# Do you have an inquiring mind with your musical appreciation?



## presto (Jun 17, 2011)

I say this as I’m constantly wanting to find out what other composers were doing when the greats were composing their masterpieces.
Often these so called “second rate” composers were composing music far greater and far in advanced than you would be lead to believe. 
It’s absolutely fascinating how much really fine but unfamiliar music there is coming to light at the moment.
I find all this far more interesting than just listening to the standard repertory and comparing endless versions of the same work.
Anyone else feel the same?


----------



## Polednice (Sep 13, 2009)

I don't think it's helpful to separate composers into 'big names' and 'underdogs'. Either way, you're going to end up not appreciating some music as you should - either turning away from the big names because you think they get too much attention (irrelevant to the music), or never even noticing the underdogs because of your obsession with big names (irrelevant to the music).

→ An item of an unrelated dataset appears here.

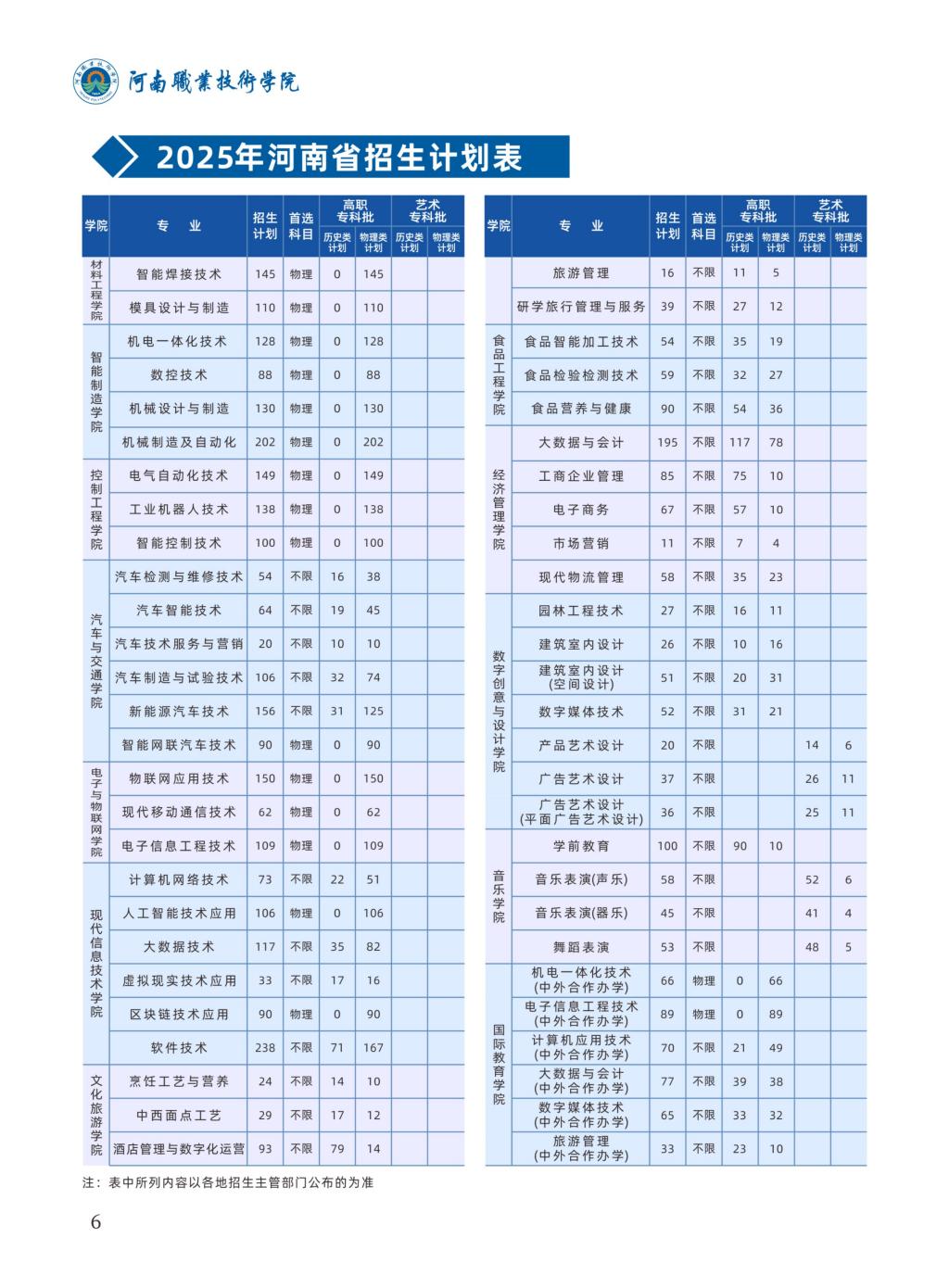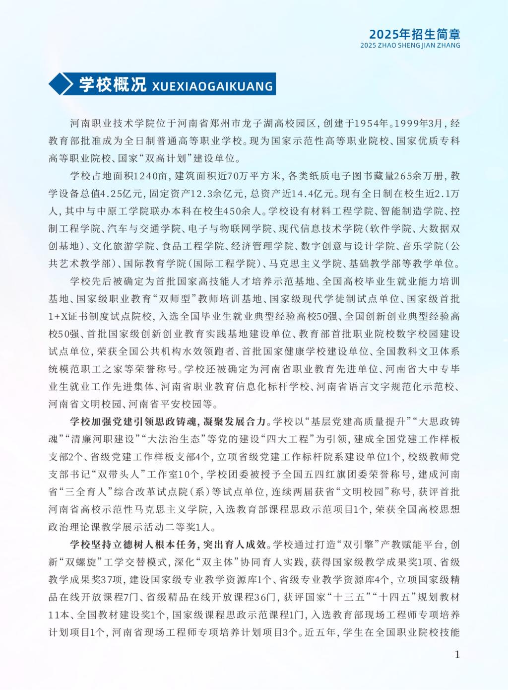 河南职业技术学院2025年普通高招招生简章

I just think it's healthy to be aware of historical context, and composers of all varieties in that period, and then just listen to whatever you like the sound of.


----------



## Couchie (Dec 9, 2010)

I couldn't agree less. Actually I'm sick of this old potato that the more obscure the music you listen to the more applause you deserve.


----------



## Webernite (Sep 4, 2010)

There are a lot of obscure gems out there, but I'm still generally of the opinion that the best composers are the famous dead ones.


----------